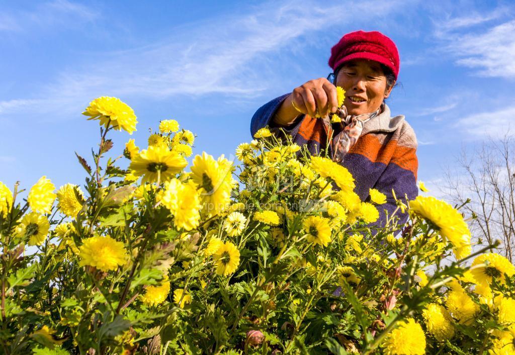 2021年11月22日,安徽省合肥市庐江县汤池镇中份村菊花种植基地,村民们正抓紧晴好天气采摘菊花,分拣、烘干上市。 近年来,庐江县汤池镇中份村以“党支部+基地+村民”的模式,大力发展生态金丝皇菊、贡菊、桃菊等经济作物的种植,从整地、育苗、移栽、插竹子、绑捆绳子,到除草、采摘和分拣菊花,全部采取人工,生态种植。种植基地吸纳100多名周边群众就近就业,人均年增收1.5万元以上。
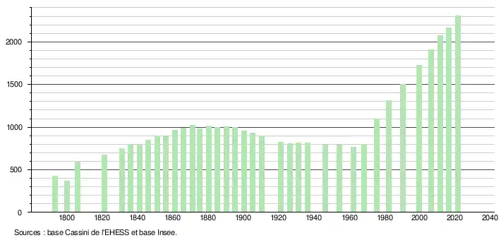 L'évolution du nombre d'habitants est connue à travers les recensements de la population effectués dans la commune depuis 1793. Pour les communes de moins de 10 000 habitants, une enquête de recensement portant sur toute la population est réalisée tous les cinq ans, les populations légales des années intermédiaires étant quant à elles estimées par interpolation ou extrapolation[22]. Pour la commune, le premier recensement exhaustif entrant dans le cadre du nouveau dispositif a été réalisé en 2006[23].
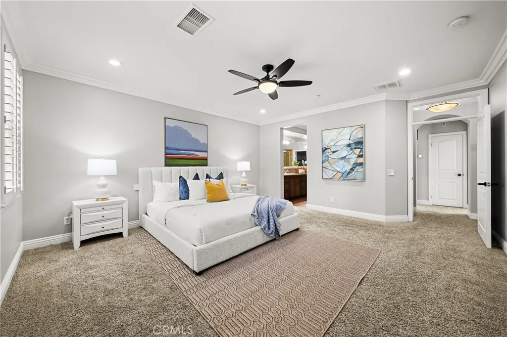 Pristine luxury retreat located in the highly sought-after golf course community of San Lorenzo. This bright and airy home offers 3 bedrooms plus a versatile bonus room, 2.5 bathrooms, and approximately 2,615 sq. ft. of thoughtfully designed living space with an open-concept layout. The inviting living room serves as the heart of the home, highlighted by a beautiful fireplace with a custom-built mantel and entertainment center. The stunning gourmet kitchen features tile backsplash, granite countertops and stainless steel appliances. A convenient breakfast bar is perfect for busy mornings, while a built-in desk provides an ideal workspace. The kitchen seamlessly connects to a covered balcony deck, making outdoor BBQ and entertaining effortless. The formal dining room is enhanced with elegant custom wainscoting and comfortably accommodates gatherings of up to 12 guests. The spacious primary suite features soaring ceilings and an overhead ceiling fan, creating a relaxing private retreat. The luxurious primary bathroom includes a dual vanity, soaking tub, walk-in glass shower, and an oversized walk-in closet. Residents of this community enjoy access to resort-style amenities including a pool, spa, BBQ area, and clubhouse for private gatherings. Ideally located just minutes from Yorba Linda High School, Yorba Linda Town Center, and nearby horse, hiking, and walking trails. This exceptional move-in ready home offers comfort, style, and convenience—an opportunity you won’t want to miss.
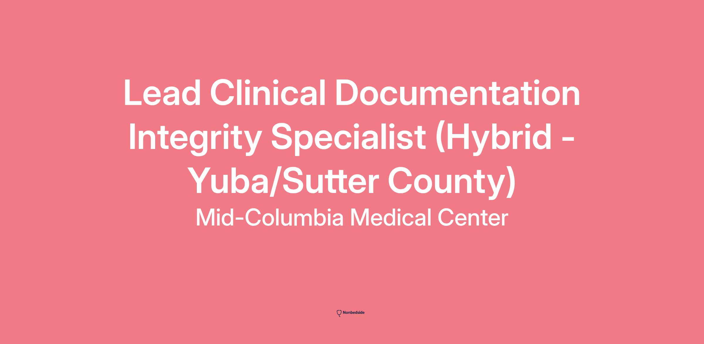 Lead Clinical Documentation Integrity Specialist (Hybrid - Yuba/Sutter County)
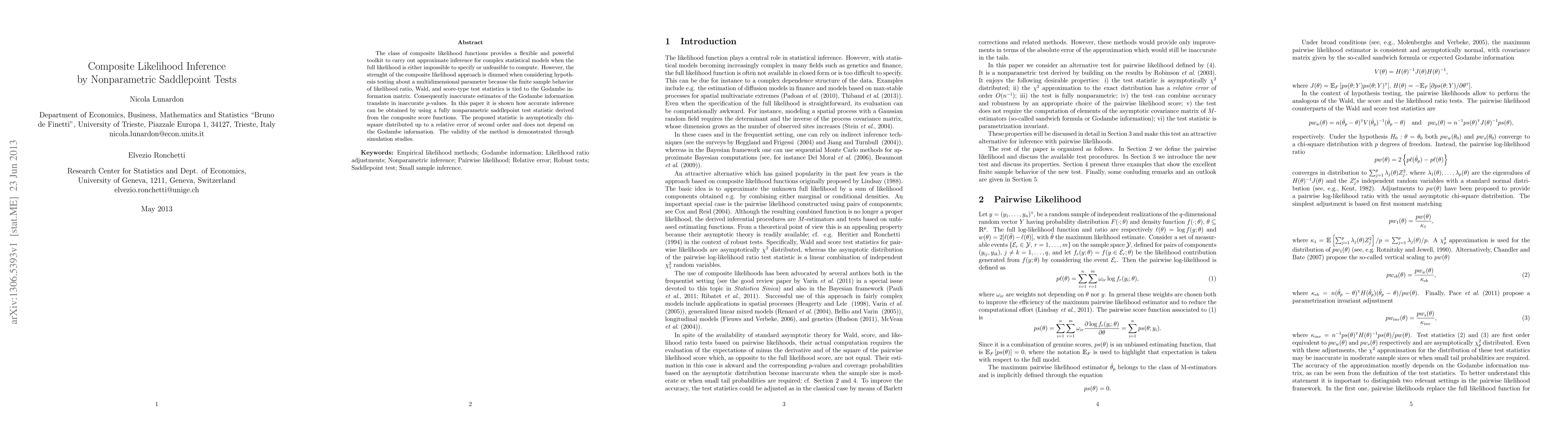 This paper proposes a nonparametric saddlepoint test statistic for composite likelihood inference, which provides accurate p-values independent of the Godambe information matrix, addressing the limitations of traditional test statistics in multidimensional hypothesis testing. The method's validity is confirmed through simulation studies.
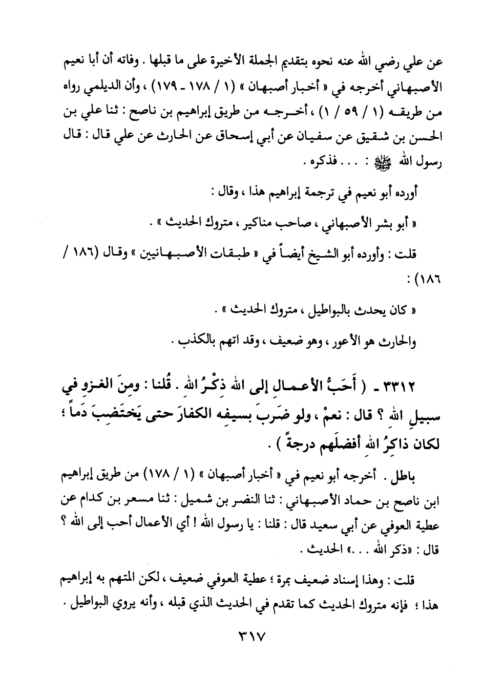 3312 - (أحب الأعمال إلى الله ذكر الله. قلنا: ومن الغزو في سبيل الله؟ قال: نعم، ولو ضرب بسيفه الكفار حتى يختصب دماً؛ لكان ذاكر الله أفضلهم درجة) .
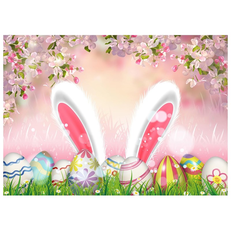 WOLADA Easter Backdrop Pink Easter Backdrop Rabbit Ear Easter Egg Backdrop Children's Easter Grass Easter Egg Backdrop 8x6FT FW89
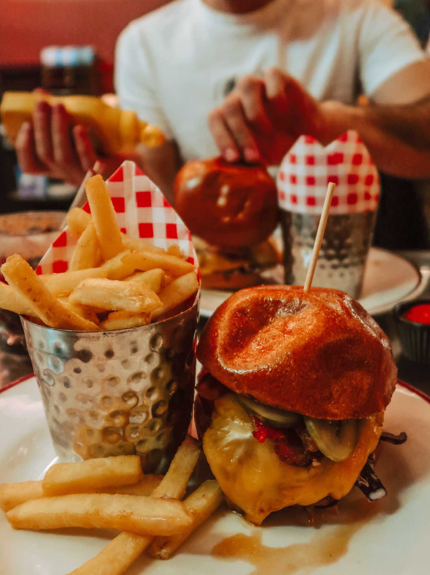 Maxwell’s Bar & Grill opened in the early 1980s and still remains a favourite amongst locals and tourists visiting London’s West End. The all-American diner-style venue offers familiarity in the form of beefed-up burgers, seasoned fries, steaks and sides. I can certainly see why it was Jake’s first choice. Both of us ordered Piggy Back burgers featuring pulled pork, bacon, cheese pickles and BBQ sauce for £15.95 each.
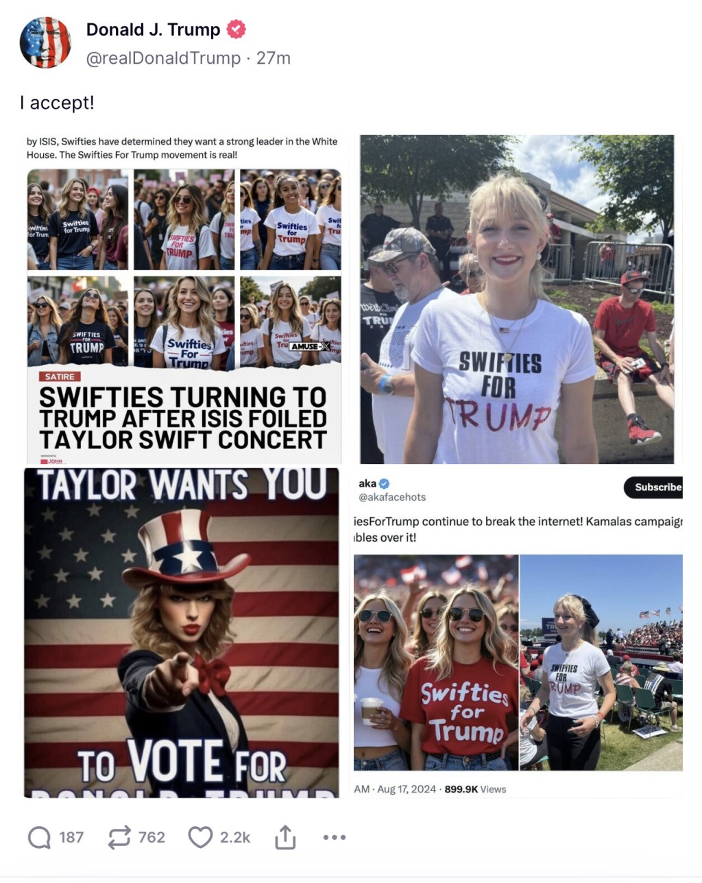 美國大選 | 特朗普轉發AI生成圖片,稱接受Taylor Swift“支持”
═══
■ What to produce:
Would you restate word for word only the lines from the one containing "WOLADA Easter Backdrop" to the final line of the material, both ends included, without any pictures?

■ Result of the task:
 WOLADA Easter Backdrop Pink Easter Backdrop Rabbit Ear Easter Egg Backdrop Children's Easter Grass Easter Egg Backdrop 8x6FT FW89
 Maxwell’s Bar & Grill opened in the early 1980s and still remains a favourite amongst locals and tourists visiting London’s West End. The all-American diner-style venue offers familiarity in the form of beefed-up burgers, seasoned fries, steaks and sides. I can certainly see why it was Jake’s first choice. Both of us ordered Piggy Back burgers featuring pulled pork, bacon, cheese pickles and BBQ sauce for £15.95 each.
 美國大選 | 特朗普轉發AI生成圖片,稱接受Taylor Swift“支持”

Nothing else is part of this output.